Given records below:

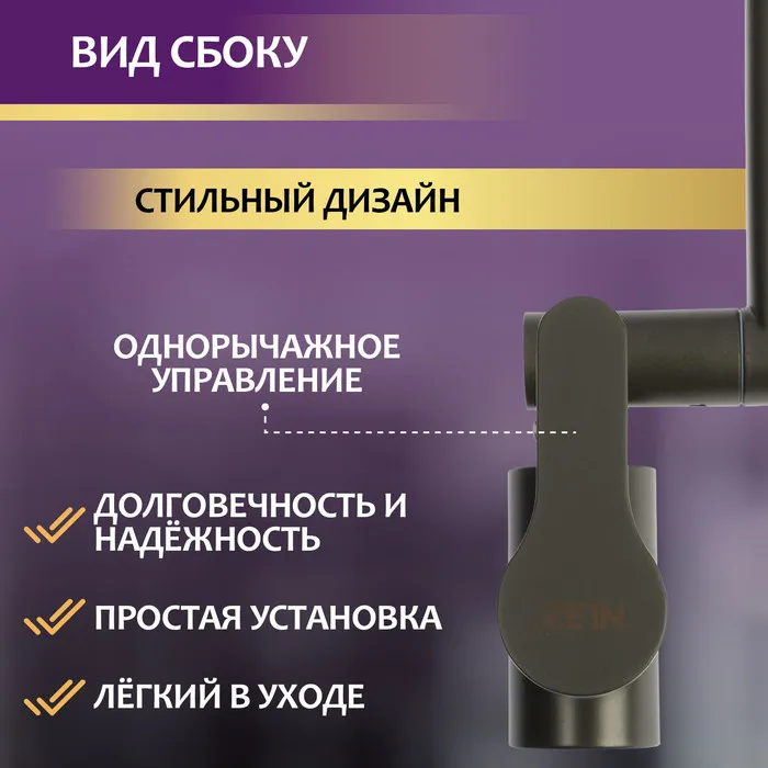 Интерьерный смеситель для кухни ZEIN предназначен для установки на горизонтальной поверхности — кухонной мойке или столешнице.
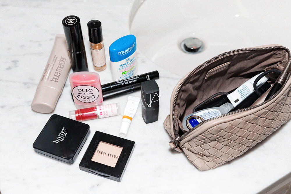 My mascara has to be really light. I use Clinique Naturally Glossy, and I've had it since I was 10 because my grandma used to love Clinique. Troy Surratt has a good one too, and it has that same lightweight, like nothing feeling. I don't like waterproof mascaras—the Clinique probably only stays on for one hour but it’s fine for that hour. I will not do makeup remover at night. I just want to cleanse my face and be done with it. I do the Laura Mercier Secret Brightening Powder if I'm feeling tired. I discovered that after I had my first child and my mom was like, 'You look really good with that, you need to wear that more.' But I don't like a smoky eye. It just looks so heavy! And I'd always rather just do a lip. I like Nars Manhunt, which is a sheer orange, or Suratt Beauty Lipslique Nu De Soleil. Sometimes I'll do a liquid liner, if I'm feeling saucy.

End of Given records.
Given records below:

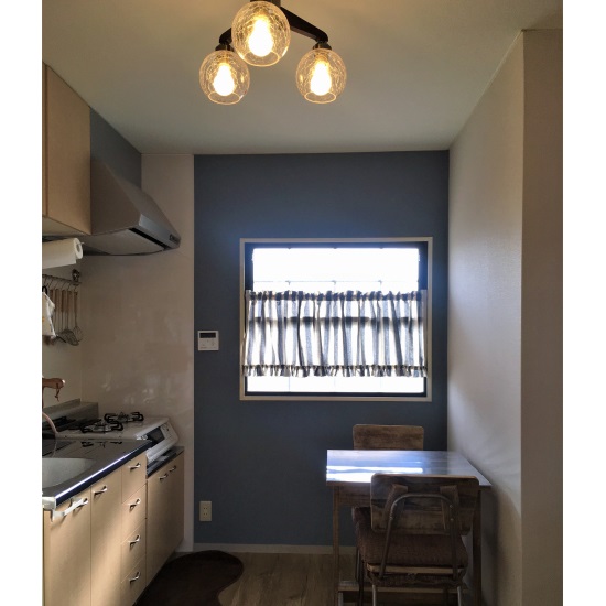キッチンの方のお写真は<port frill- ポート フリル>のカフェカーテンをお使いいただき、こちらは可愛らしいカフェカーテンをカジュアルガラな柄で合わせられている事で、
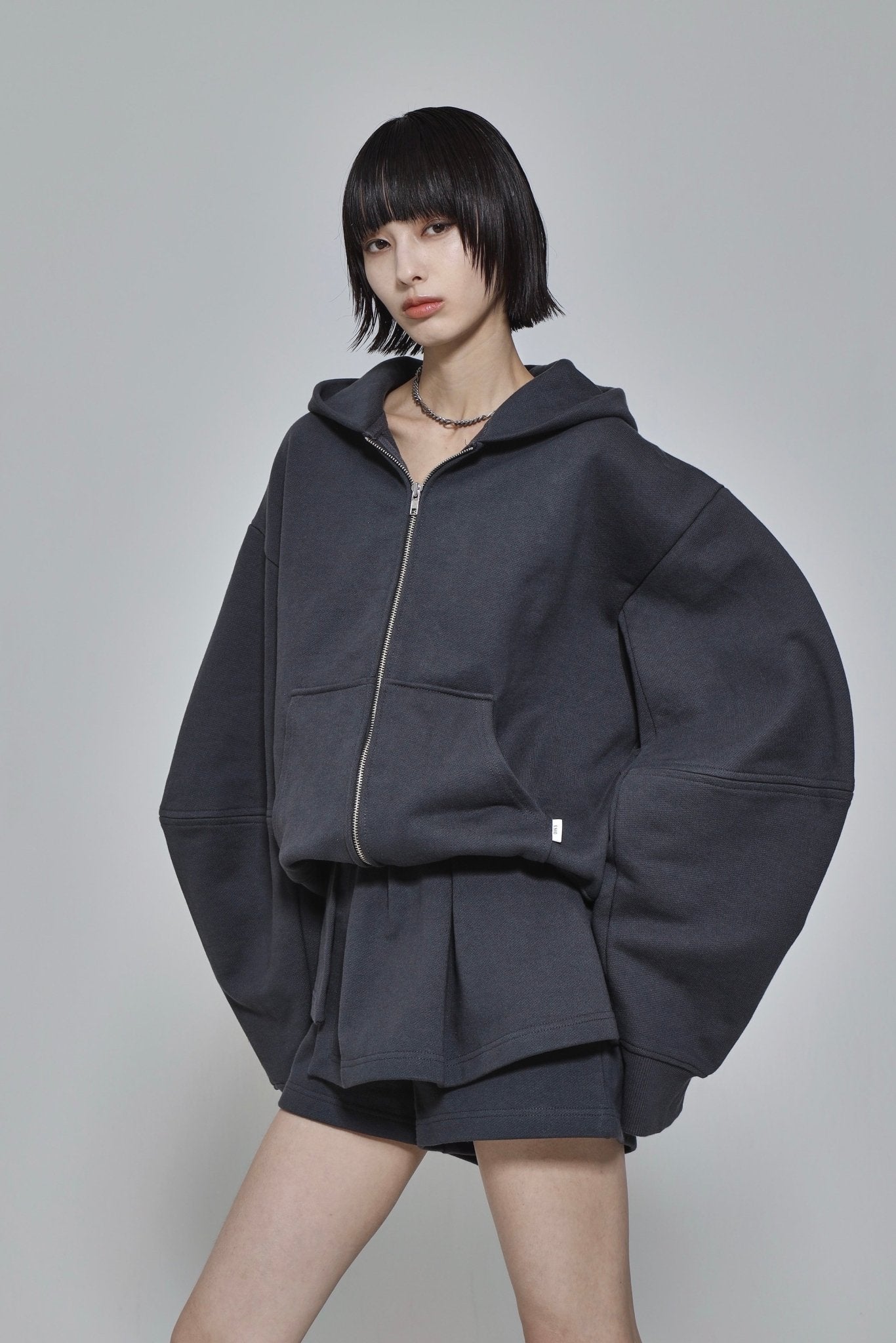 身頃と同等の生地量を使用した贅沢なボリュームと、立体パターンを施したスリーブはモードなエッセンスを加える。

End of Given records.

• **Work to be completed**
In the material above, which lines fall between the one holding "キッチンの方のお写真は<port frill- ポート" and the one holding "身頃と同等の生地量を使用した", inclusive? Print exactly those, with the pictures left out.

• **Solved exercise**
キッチンの方のお写真は<port frill- ポート フリル>のカフェカーテンをお使いいただき、こちらは可愛らしいカフェカーテンをカジュアルガラな柄で合わせられている事で、
 身頃と同等の生地量を使用した贅沢なボリュームと、立体パターンを施したスリーブはモードなエッセンスを加える。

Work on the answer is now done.